- [MATERIAL FOR THE TASK]:
......
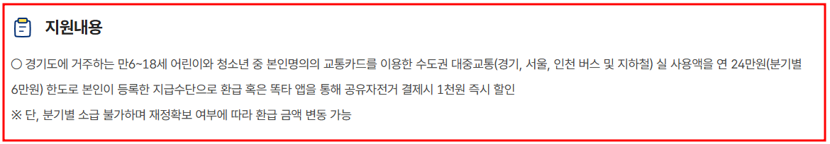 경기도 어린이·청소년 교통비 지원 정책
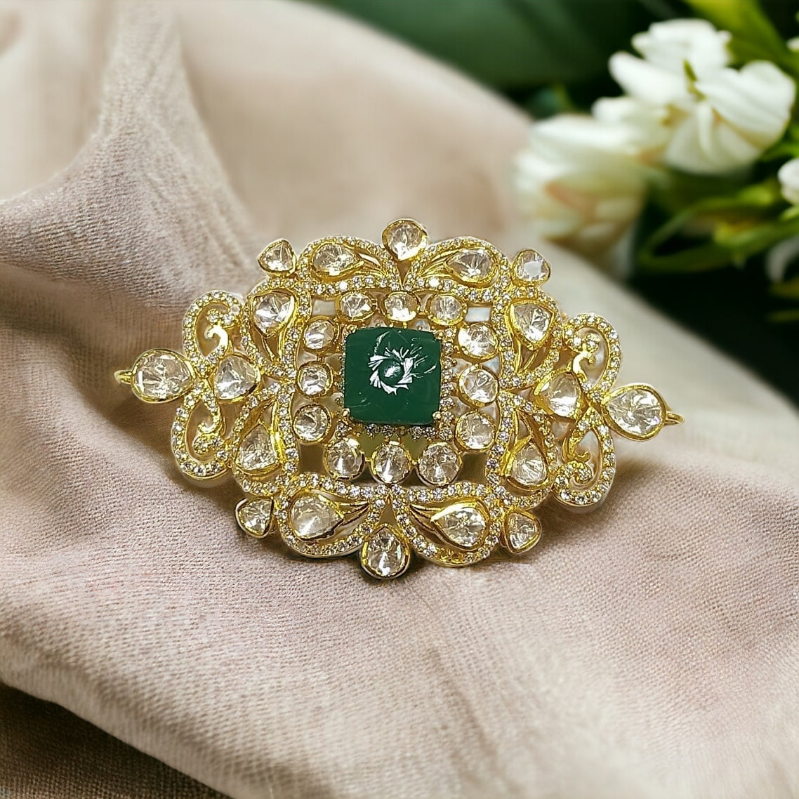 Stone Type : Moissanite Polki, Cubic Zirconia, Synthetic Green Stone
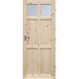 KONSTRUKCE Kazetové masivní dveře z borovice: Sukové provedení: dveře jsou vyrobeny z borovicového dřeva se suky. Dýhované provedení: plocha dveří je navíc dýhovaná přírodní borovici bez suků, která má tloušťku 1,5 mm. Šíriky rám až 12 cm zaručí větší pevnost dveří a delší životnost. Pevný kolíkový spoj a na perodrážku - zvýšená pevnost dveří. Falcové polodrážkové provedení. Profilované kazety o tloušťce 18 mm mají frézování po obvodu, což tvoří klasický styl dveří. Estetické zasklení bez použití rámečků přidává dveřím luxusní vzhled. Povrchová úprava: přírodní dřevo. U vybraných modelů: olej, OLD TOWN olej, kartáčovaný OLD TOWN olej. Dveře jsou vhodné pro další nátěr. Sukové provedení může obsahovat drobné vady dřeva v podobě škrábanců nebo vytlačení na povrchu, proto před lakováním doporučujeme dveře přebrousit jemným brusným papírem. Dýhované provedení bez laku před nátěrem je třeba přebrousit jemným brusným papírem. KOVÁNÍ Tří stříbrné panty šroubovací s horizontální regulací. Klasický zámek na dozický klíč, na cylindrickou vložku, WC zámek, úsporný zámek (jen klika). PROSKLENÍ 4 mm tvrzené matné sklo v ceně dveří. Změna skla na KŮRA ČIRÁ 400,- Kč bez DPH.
......
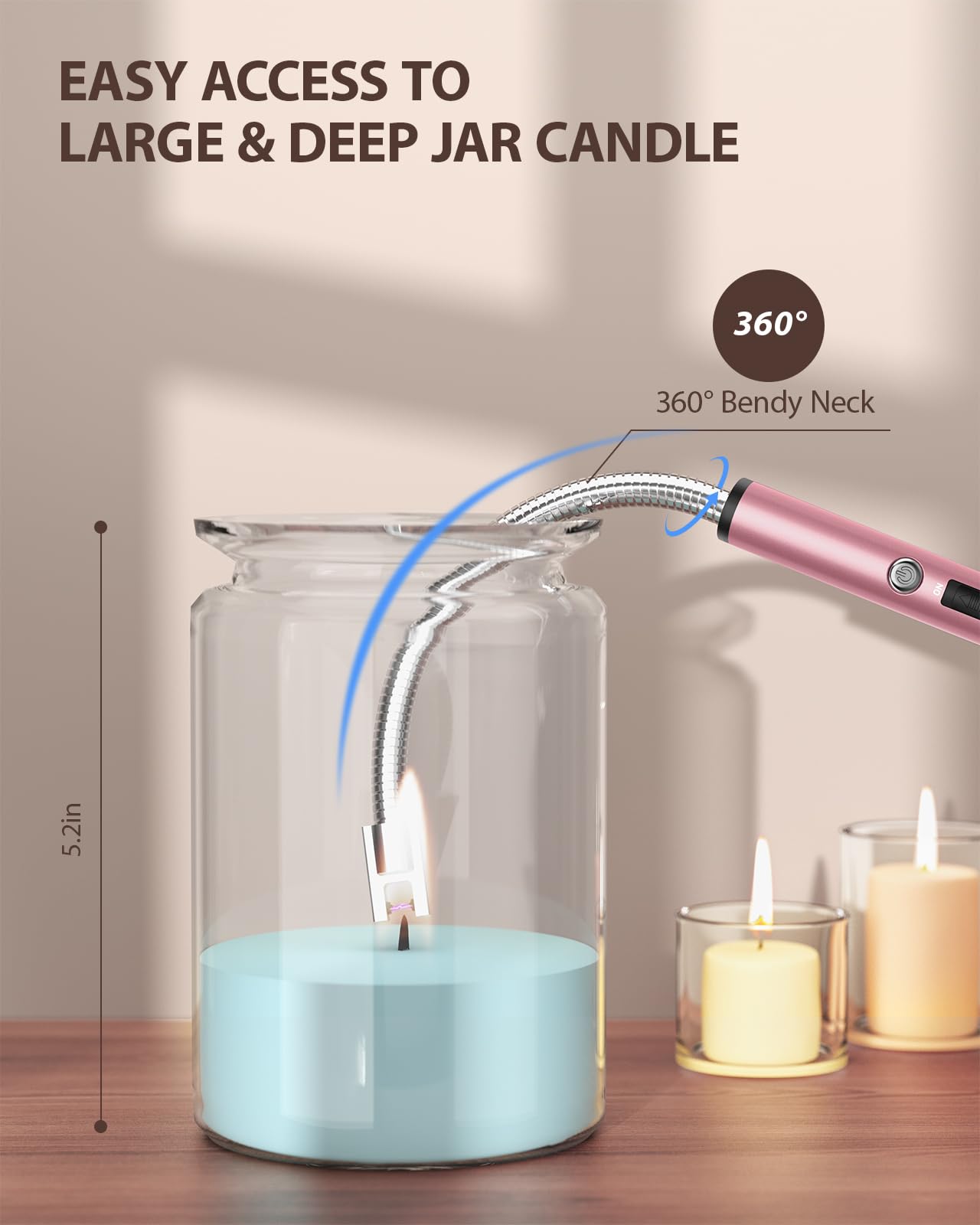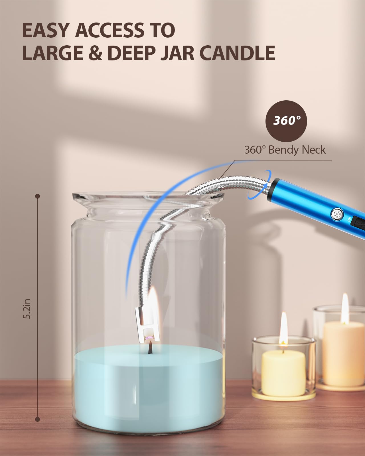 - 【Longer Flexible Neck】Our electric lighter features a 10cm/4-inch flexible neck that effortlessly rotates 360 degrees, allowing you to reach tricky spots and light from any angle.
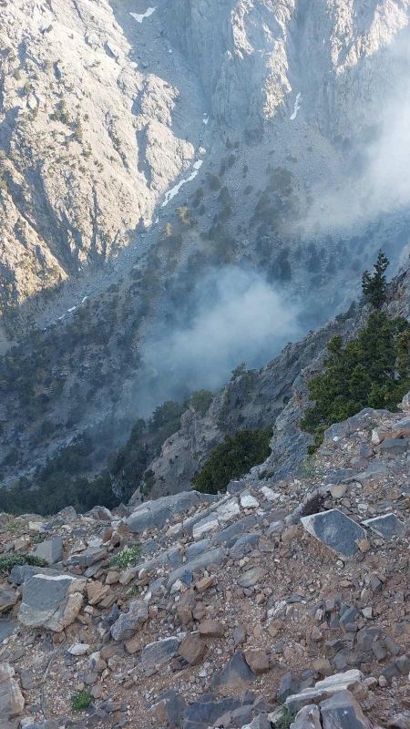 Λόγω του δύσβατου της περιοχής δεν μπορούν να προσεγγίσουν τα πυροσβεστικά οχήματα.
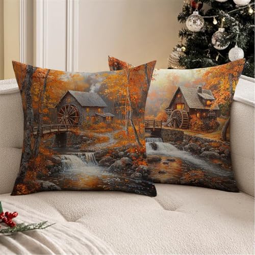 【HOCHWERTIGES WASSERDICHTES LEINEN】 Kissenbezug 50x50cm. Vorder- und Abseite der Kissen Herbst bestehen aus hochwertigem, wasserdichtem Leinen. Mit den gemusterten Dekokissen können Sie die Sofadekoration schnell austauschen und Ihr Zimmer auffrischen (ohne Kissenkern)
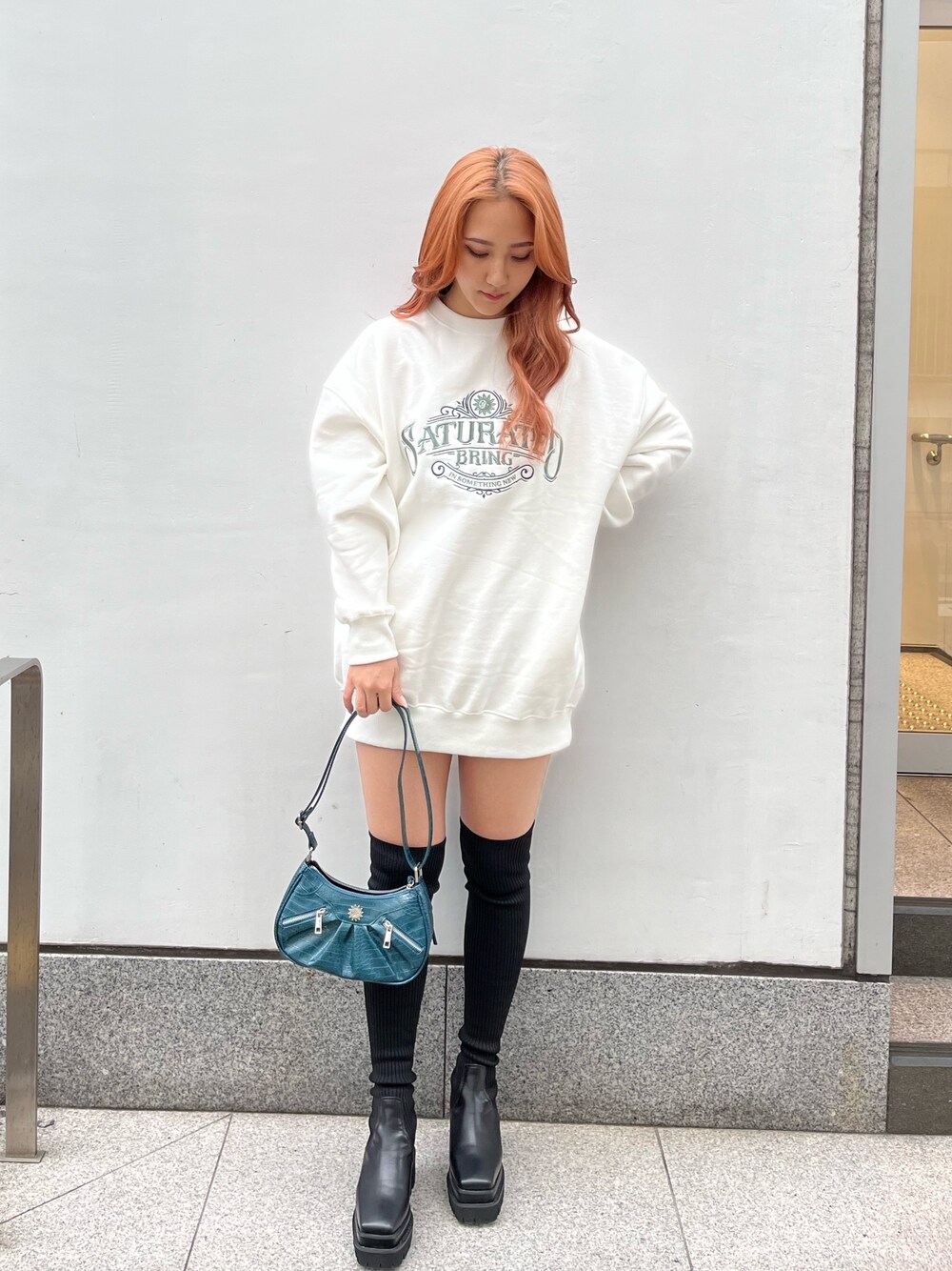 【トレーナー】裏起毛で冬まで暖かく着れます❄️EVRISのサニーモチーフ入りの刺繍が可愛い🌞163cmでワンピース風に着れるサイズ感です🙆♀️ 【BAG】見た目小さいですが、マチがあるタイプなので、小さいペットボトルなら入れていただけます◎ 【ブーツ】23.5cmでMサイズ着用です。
......
- [TASK TO COMPLETE]: Output only the stretch above from the line with "경기도 어린이·청소년 교통비 지원 정책" through the line with "Stone Type : Moissanite", reproduced exactly. Exclude pictures.

- [TASK OUTPUT]:
 경기도 어린이·청소년 교통비 지원 정책
 Stone Type : Moissanite Polki, Cubic Zirconia, Synthetic Green Stone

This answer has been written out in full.